● Problem details
Retype the listing found below exactly, but leave out each picture.

● Input data
******
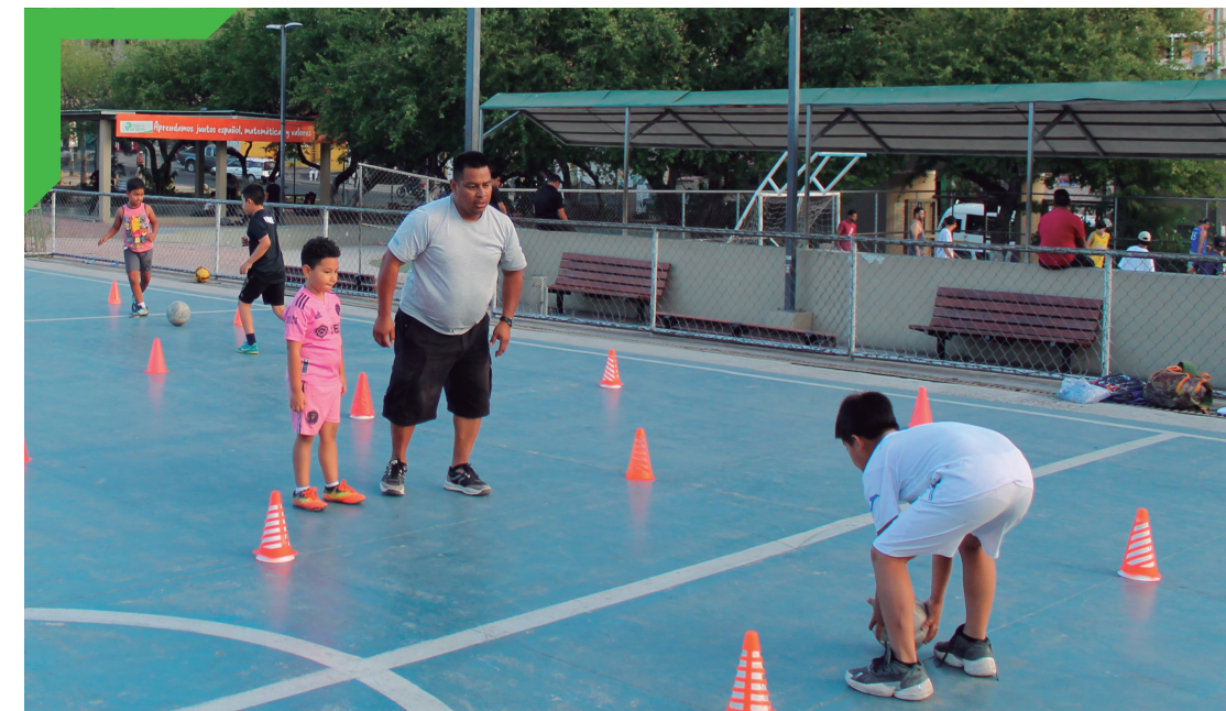
Práctica de fútbol infantil, San Francisco.
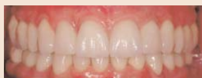
Je grösser ein Fall wird (bis hin zur Totalsanierung), desto mehr verwende ich im Seitenzahnbereich die VMK-Technik und im Frotzahnbereich die Voll- oder Zirkonoxidkeramik, da dies insbesondere im zervikalen Bereich für mich am besten händelbar ist. Bei devitalen Stümpfen oder Goldaufbauten mit geringem Platzangebot für die Verblendmasse gibt es nur die bewährte VMK-Technik.
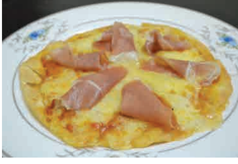
生ハムのマルゲリー 価格: 220,000 VND
******
● Written solution
Práctica de fútbol infantil, San Francisco.
Je grösser ein Fall wird (bis hin zur Totalsanierung), desto mehr verwende ich im Seitenzahnbereich die VMK-Technik und im Frotzahnbereich die Voll- oder Zirkonoxidkeramik, da dies insbesondere im zervikalen Bereich für mich am besten händelbar ist. Bei devitalen Stümpfen oder Goldaufbauten mit geringem Platzangebot für die Verblendmasse gibt es nur die bewährte VMK-Technik.
生ハムのマルゲリー 価格: 220,000 VND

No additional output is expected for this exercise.